◆ **INSTRUCTIONS FOR THE TASK**: Although the entries contain pictures, your copy should hold only their exact text.
━━━ INFORMATION
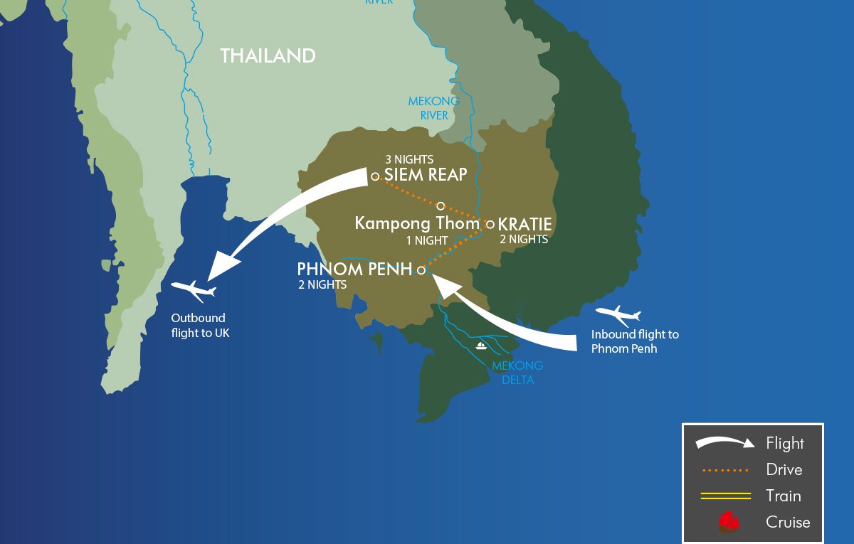 Take your transfer to the airport for your flight back to the UK at the end of your Discover Cambodia tour.
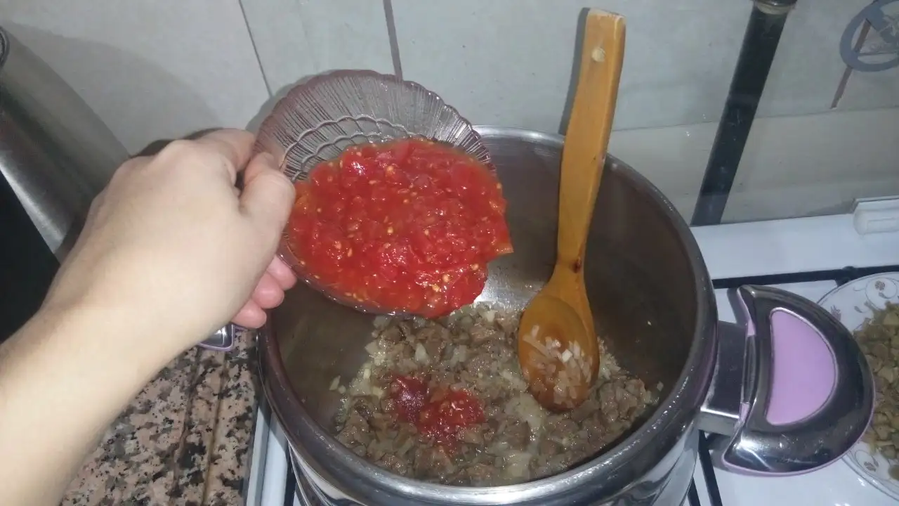 •Rondoda çekilmiş yada rendelenmiş domatesi,salçayı,tuzu,pulbiberini ekleyip biraz kavuruyoruz.
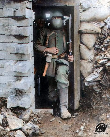 German soldiers in a trench, holding sawtooth bayonets with their forehead plates pushed down to their necks. Photograph from the First World War (1914–1918).
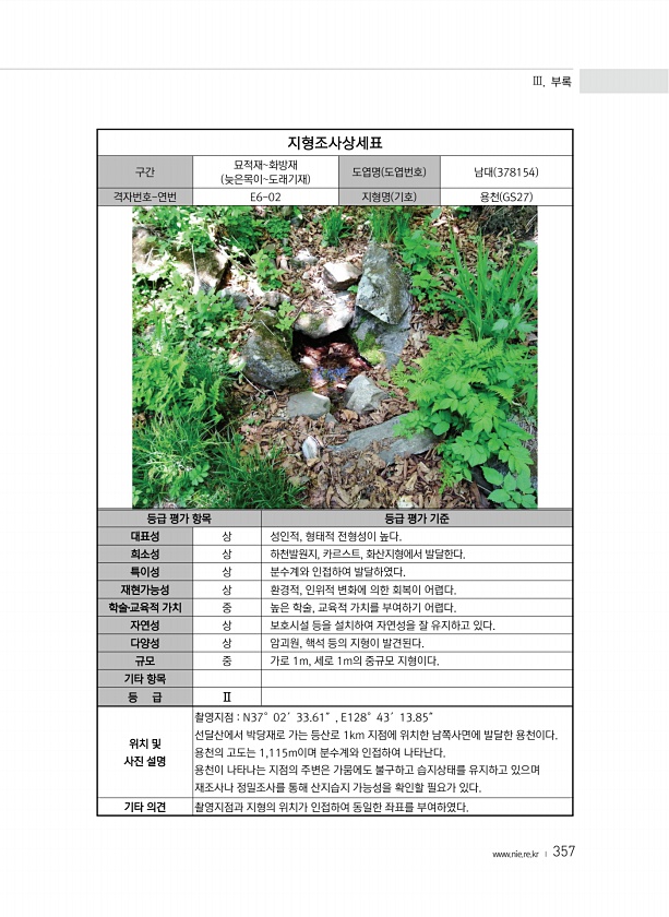 Ⅲ. 부록 www.nie.re.kr ? 357 지형조사상세표 구간 묘적재화방재 늦은목이도래기재 도엽명 도엽번호 남대 378154 격자번호-연번 E6-02 지형명 기호 용천 GS27 등급 평가 항목 등급 평가 기준 대표성 상 성인적, 형태적 전형성이 높다. 희소성 상 하천발원지, 카르스트, 화산지형에서 발달한다. 특이성 상 분수계와 인접하여 발달하였다. 재현가능성 상 환경적, 인위적 변화에 의한 회복이 어렵다. 학술?교육적 가치 중 높은 학술, 교육적 가치를 부여하기 어렵다. 자연성 상 보호시설 등을 설치하여 자연성을 잘 유지하고 있다. 다양성 상 암괴원, 핵석 등의 지형이 발견된다. 규모 중 가로 1m, 세로 1m의 중규모 지형이다. 기타 항목 등 급 Ⅱ 위치 및 사진 설명 촬영지점 N37°02′33.61″...
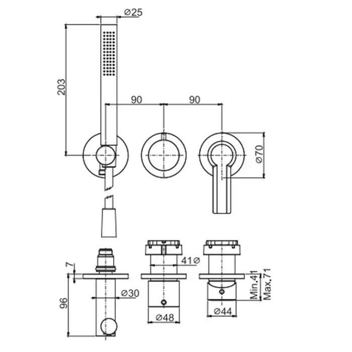 Fima Carlo Frattini Mast Смеситель для душа, встраиваемый, на 2 источника с ручным душем, цвет: черный матовый
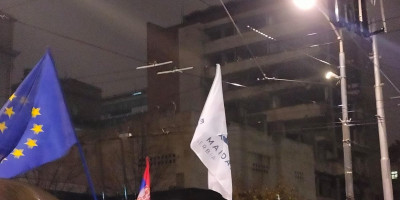 Naime, jedan od okupljenih doneo je zastavu "Euromaidan Serbia" koja poziva na ukrajinski scenario u Srbiji.
━━━━━━
◆ **ANSWER SECTION**:
 Take your transfer to the airport for your flight back to the UK at the end of your Discover Cambodia tour.
 •Rondoda çekilmiş yada rendelenmiş domatesi,salçayı,tuzu,pulbiberini ekleyip biraz kavuruyoruz.
 German soldiers in a trench, holding sawtooth bayonets with their forehead plates pushed down to their necks. Photograph from the First World War (1914–1918).
 Ⅲ. 부록 www.nie.re.kr ? 357 지형조사상세표 구간 묘적재화방재 늦은목이도래기재 도엽명 도엽번호 남대 378154 격자번호-연번 E6-02 지형명 기호 용천 GS27 등급 평가 항목 등급 평가 기준 대표성 상 성인적, 형태적 전형성이 높다. 희소성 상 하천발원지, 카르스트, 화산지형에서 발달한다. 특이성 상 분수계와 인접하여 발달하였다. 재현가능성 상 환경적, 인위적 변화에 의한 회복이 어렵다. 학술?교육적 가치 중 높은 학술, 교육적 가치를 부여하기 어렵다. 자연성 상 보호시설 등을 설치하여 자연성을 잘 유지하고 있다. 다양성 상 암괴원, 핵석 등의 지형이 발견된다. 규모 중 가로 1m, 세로 1m의 중규모 지형이다. 기타 항목 등 급 Ⅱ 위치 및 사진 설명 촬영지점 N37°02′33.61″...
 Fima Carlo Frattini Mast Смеситель для душа, встраиваемый, на 2 источника с ручным душем, цвет: черный матовый
 Naime, jedan od okupljenih doneo je zastavu "Euromaidan Serbia" koja poziva na ukrajinski scenario u Srbiji.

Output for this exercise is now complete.